Exercise material below:

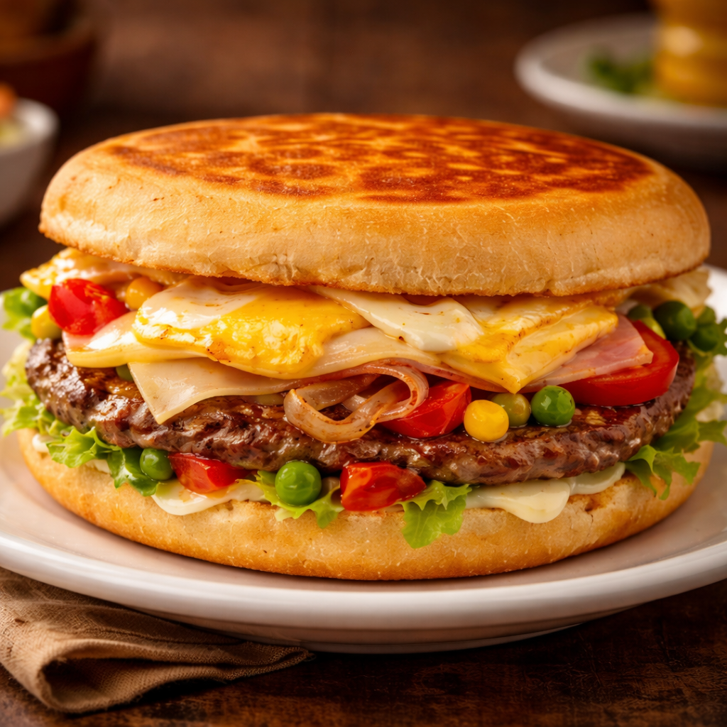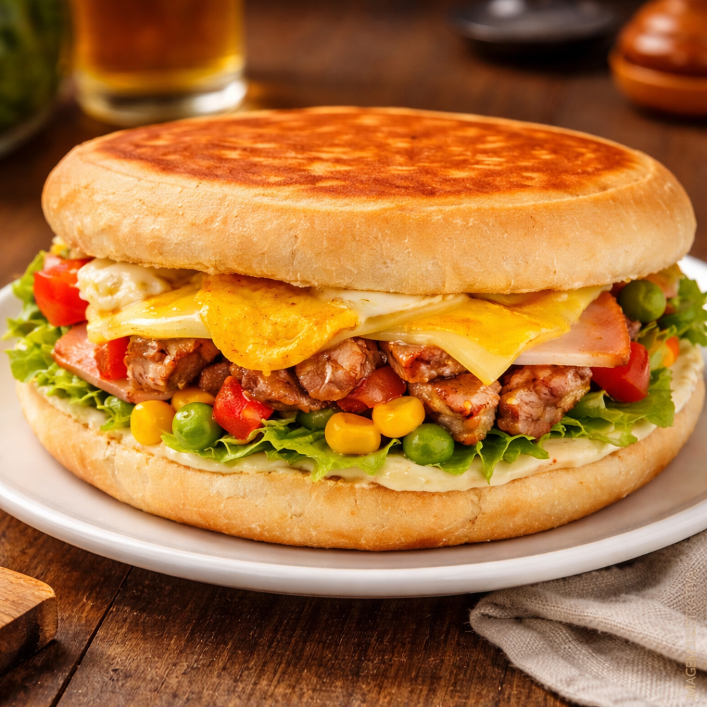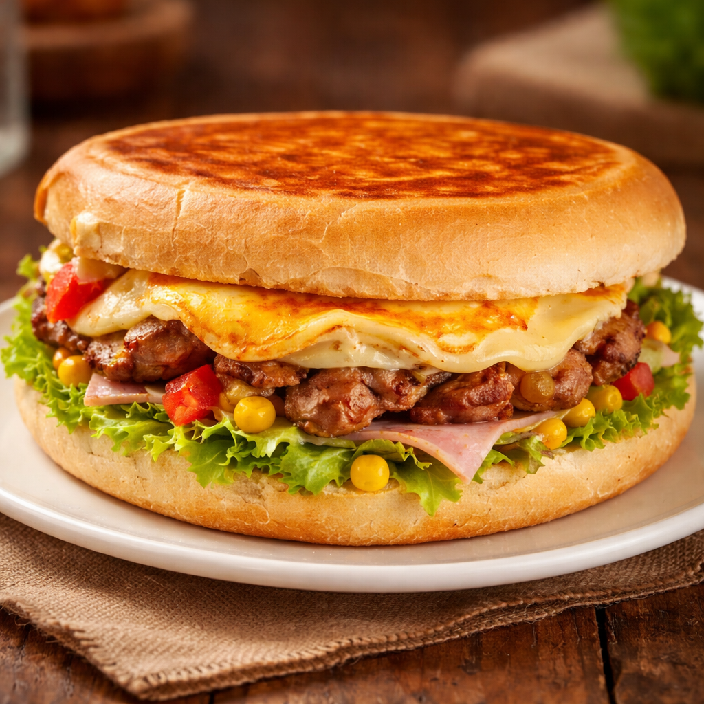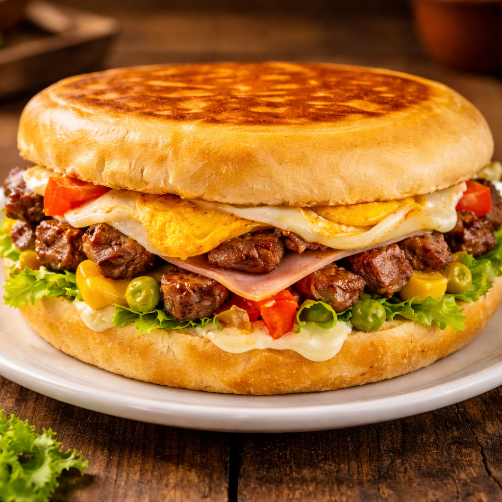 Xis Carne em CubosMaionese, Tomate, Alface, Milho, Ervilha, Cubos De carne, Queijo, Presunto E Ovo.
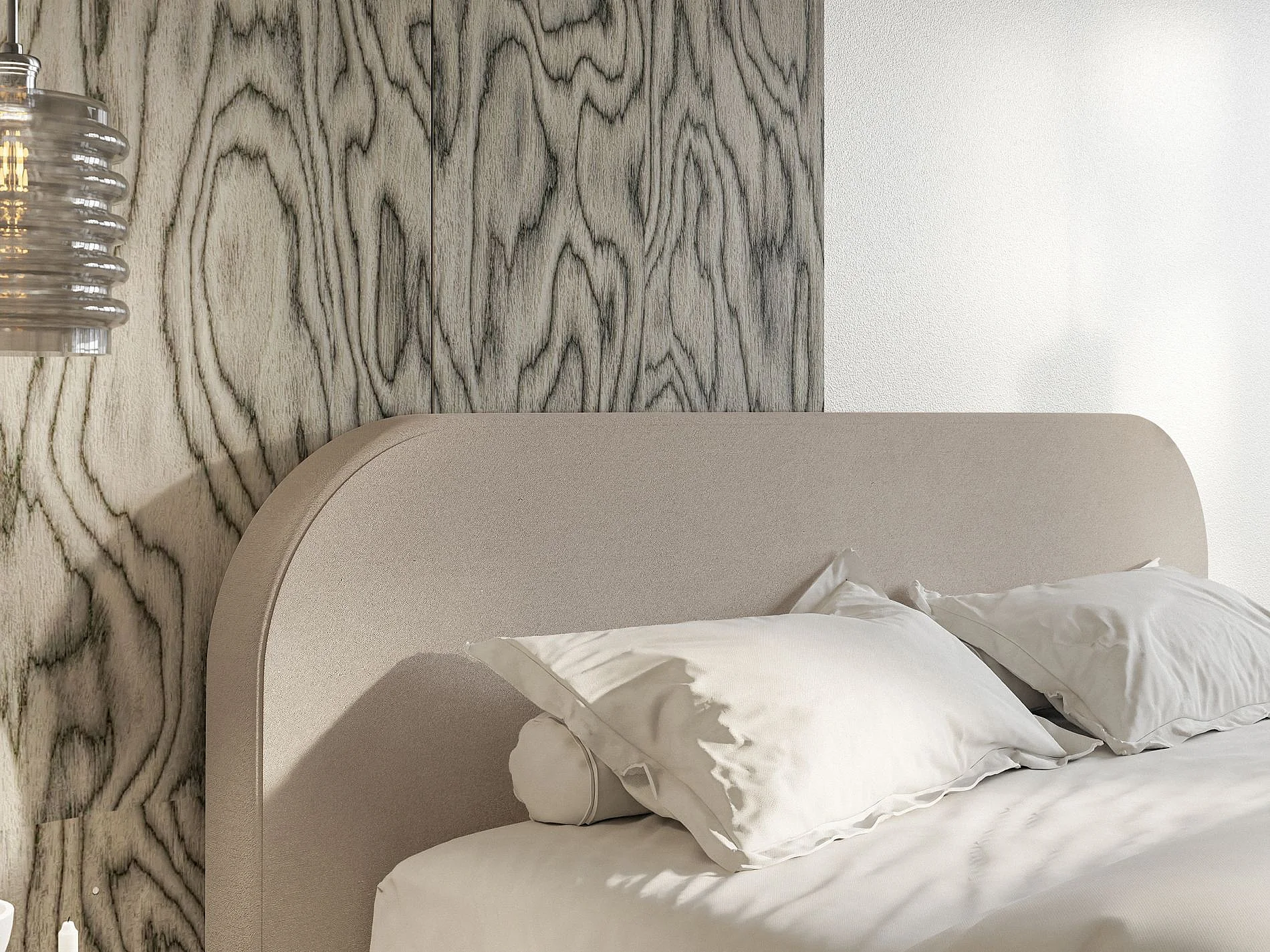 Lit tapissé avec coffre – 140x200 cm – en velours beige – UMIKE
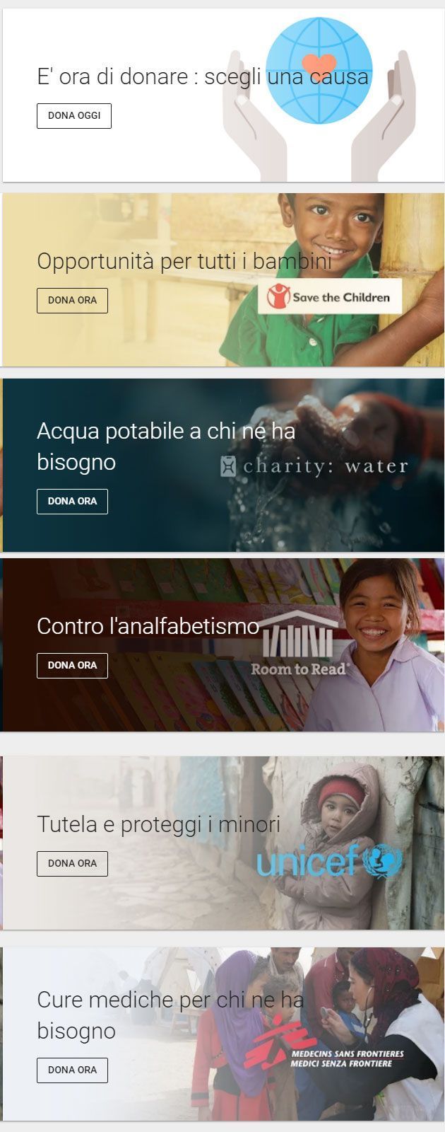 Google ha aperto all’interno del suo Play Store una sezione in cui abbraccia i progetti di diverse organizzazioni umanitarie e ambientaliste, alle quali invita gli utenti Android ad effettuare donazioni. Al momento in cui scriviamo, attraverso il Play Store dall’Italia si puo’ donare a Save the Children, Charity: Water, Room to read, Unicef, Medici senza frontiere.
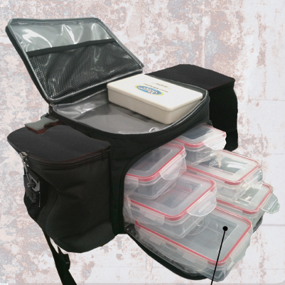 La nueva mochila CoolBag cuenta con un compartimento frontal con cavidad para 6 tuppers o contenedores de plástico para llevar comidas preparadas; divisiones laterales para colocar las bebidas, shakers o vasos, cubiertos y frutas; en la parte superior lleva un organizador con tapa y divisiones (a modo de pastillero) para que los suplementos en cápsulas o tabletas estén siempre bien clasificados en su sitio; por último también incluimos dos bolsas con un gel enfriador que mantendrán todo su contenido fresco durante todo el día.
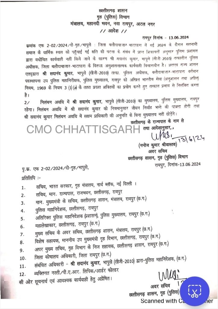 छत्तीसगढ़ के बलौदाबाजार जिले में हुई हिंसा के मामले में विष्णुदेव साय सरकार ने बड़ी कार्रवाई करते हुए तत्कालीन कलेक्टर केएल चौहान और एसपी सदानंद कुमार को निलंबित कर दिया है। इससे दो दिन पहले सरकार ने कार्रवाई करते हुए दोनों अधिकारियों को जिला मुख्यालय से हटा दिया था।
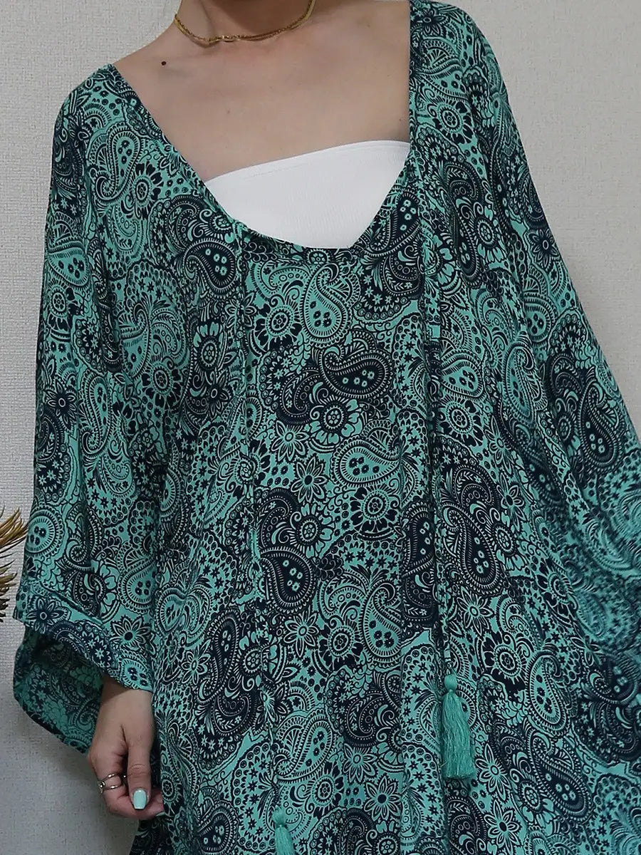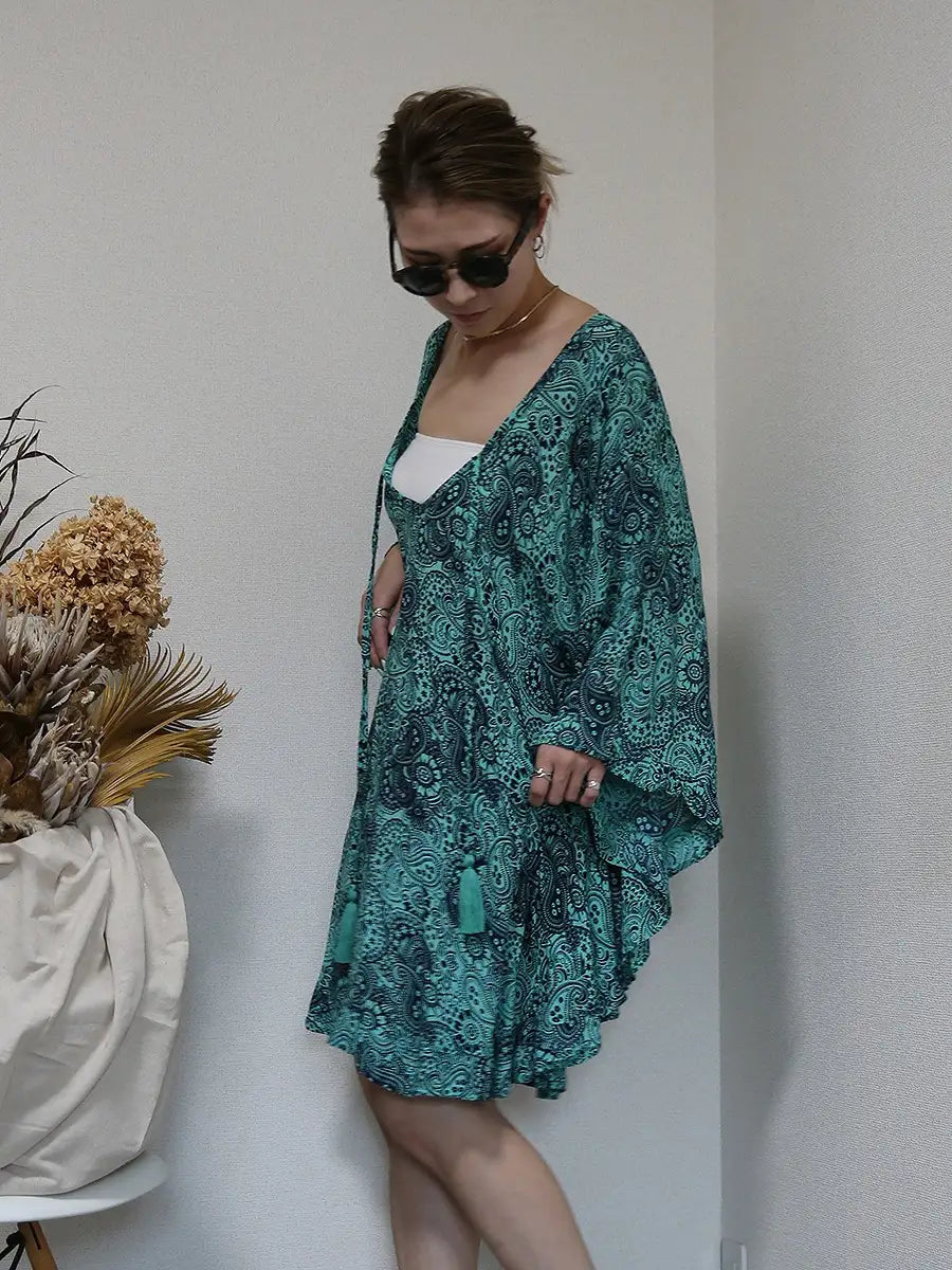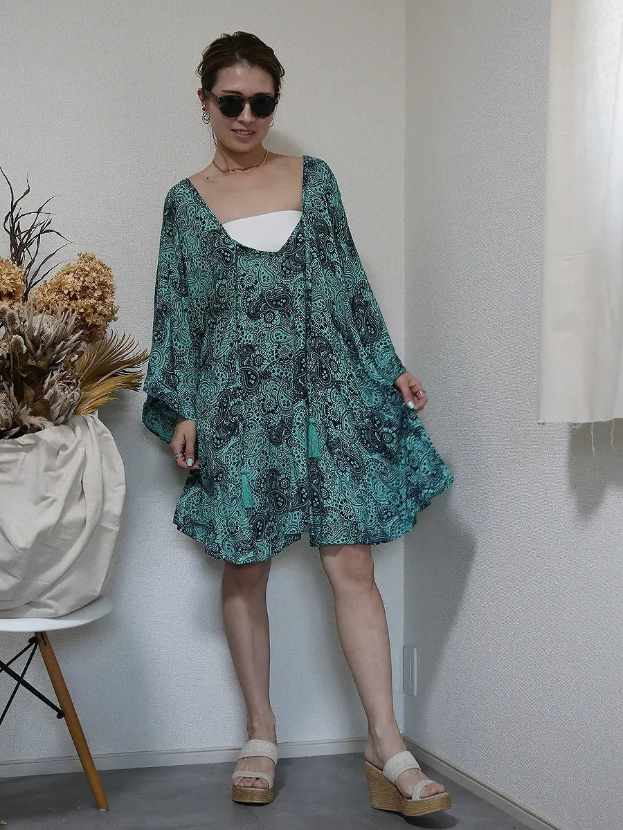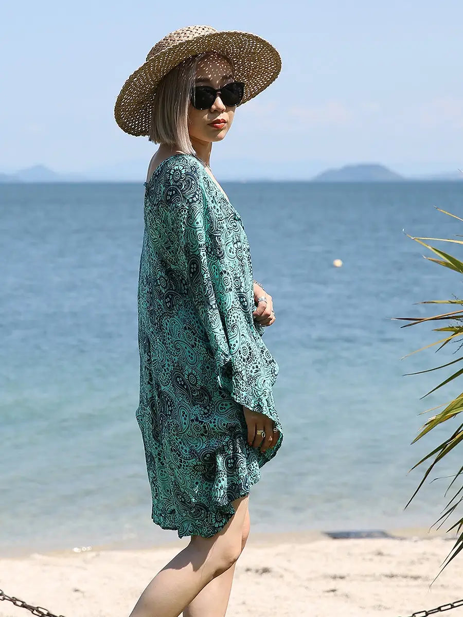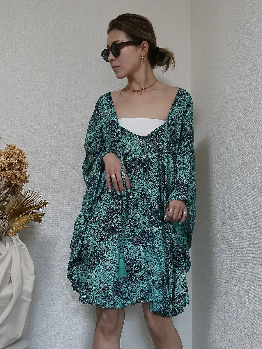 ビーチ・リゾートシーンで映えるペイズリー柄のチュニックワンピースです。

End of Exercise material.

Your task: Starting with the line that contains "छत्तीसगढ़ के बलौदाबाजार", give the lines again exactly as they appear through the last line of the data, pictures excluded.

Answer space:
 छत्तीसगढ़ के बलौदाबाजार जिले में हुई हिंसा के मामले में विष्णुदेव साय सरकार ने बड़ी कार्रवाई करते हुए तत्कालीन कलेक्टर केएल चौहान और एसपी सदानंद कुमार को निलंबित कर दिया है। इससे दो दिन पहले सरकार ने कार्रवाई करते हुए दोनों अधिकारियों को जिला मुख्यालय से हटा दिया था।
 ビーチ・リゾートシーンで映えるペイズリー柄のチュニックワンピースです。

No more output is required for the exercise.